Showing posts with label sequel. Show all posts
Showing posts with label sequel. Show all posts

Thursday, 13 February 2014

The Summer of Para

To all fans of Thirty Minutes to Heartbreak, I have some good news! I have decided to declare Summer 2014 as “The Summer of Para” on my writing calendar, where I will spend a few months working on the final three books of Thirty Minutes, back-to-back. I will also be updating the book covers, like I did for the Sacred Breath series. They will be sexier, darker, and more romantic. I will be a bit sad to see the covers go, because I do love these, but it is necessary for marketing.

I can see the ultimate end of Thirty Minutes so clearly in my mind, and I know all of the big events that will occur in the next few books. Because the end is so close, I have been scared to write it to completion—I was worried it would mean letting go of the series forever, saying goodbye, and closing an important chapter of my life. However, I am now prepared for that to happen. I have never finished writing a giant book series, but I realize that it does not mean goodbye. Completing a story does not mean killing it. It means that my little baby is growing up, and moving out of the house; going off to college or starting its own family.

I’m setting the story free into the world. I can’t suffocate it and cling to it forever by avoiding finishing it. I need to let go. 
After a few months or years, maybe I can even go back and read over the stories, and experience Thirty Minutes again in a different way. I have often re-read many of my favorite book series—Terry Goodkind’s "Sword of Truth" series, and Jack Whyte’s “A Dream of Eagles.” And I also re-watch my favorite TV shows—Buffy, Firefly, Dragonball Z, Smallville, Xena, Charmed, Breaking Bad. It’s always sad when something you’ve been following for years finally comes to an end. Especially since it’s not usually the end of the story—the stories are limitless, but production budgets and time are not. 

I feel that I need to reach the end of Thirty Minutes so that I can move onto bigger and better things. I currently have a vague idea of how the Sacred Breath series will end, but I have no idea how long it will take. I originally thought the series would have seven books, back when I started writing it in 2012, but now I know that there is no possible way I can end at Book #7. We’re going to get at LEAST ten books in Sacred Breath. I hope I can write another one or two this year. 

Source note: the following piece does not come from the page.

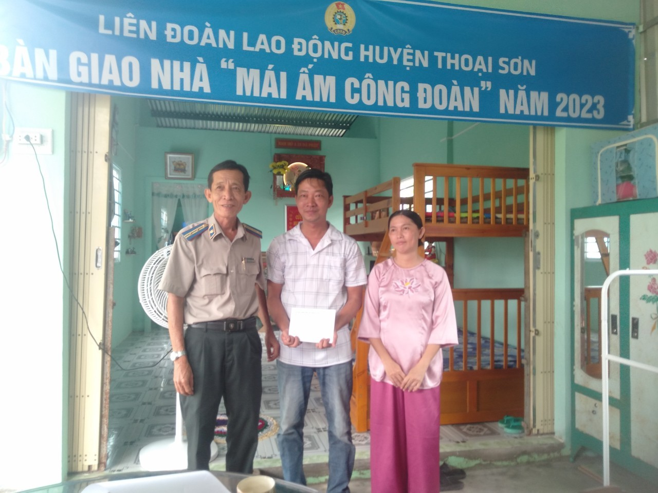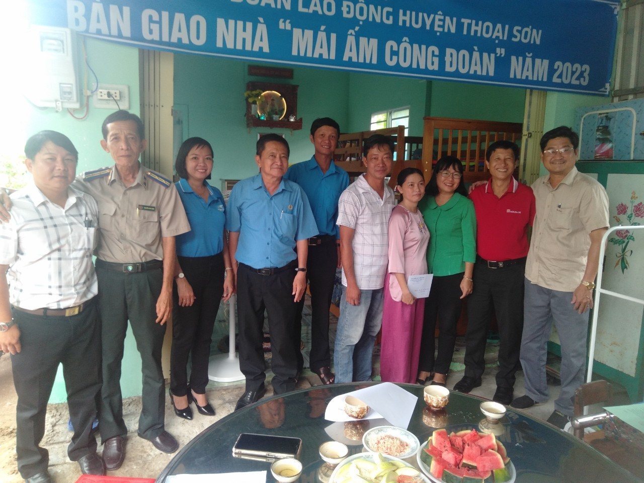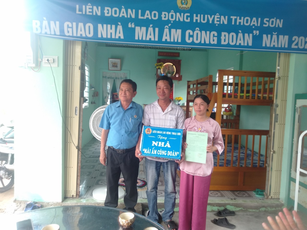 Sáng ngày 24/11, Liên đoàn Lao động huyện Thoại Sơn đã tổ chức Lễ trao nhà “Mái ấm công đoàn” cho đoàn viên Huỳnh Thị Cẩm Loan – CĐCS Trung tâm Y tế huyện Thoại Sơn, có hoàn cảnh khó khăn về nhà ở.

I hope you're excited to read the final books of Thirty Minutes! I will post more about it here, once I have the new covers and tentative release dates.

Tuesday, 1 January 2013

Tides of Tranquility: Release Date


      I need to apologize to all my readers for the delayed release of Sacred Breath #5. I was almost sure I could finish it by the end of 2012, but some unexpected obstacles have slowed me down in these past few months. =( However, I promise that I will give it my everything, all day, every day for the next several weeks until it is completed. I really want to dive into the world of Adlivun and lose myself there. Abyssal Zone will be a hard act to follow, but I want this book to be amazing. To push myself harder, I’m going to say that I want it finished and edited before the end of January.
      To be honest, I have been a bit nervous about Visola. After such a huge victory, I was perplexed by figuring out how to write her character in peacetime. I thought that I would no longer be able to relate to the general. I understood her when she was constantly on edge, distrustful of the men closest to her, and making lewd and inappropriate jokes to promote an air of confidence and distract from the fact that she was miserable. But Visola happily married with wonderful young children? How could I possibly understand that? Has she really become a soft and satisfied person? I must have driven around aimlessly for dozens of hours, stressing over this question. How will the events of the last book change her? Could it be that I don't know her anymore?
      Then the answer struck me. Visola doesn't know -herself- anymore. If I'm uncomfortable with this peaceful world, then she is even more uncomfortable. Visola doesn't forget, and she doesn't forgive. This woman was separated from her husband for two hundred years. Her daughter was murdered. It doesn't matter how many years go by between the end of Abyssal Zone and the beginning of Book #5-- Visola is still on edge, and in fact, her anxiety is increasing with every second of tranquility. Here's a snippet of what's to come:
"I'm so happy. I've never been this happy in my life. Frankly, I’m freaking terrified. I just know that something’s going to go wrong at any minute and rip him away from me.” Visola turned and gestured to the two children on the beach who were building an elaborate sandcastle. “Or rip them away from me.”
      I got this! =) And I think I’ve also got my title: Tides of Tranquility. What do you think?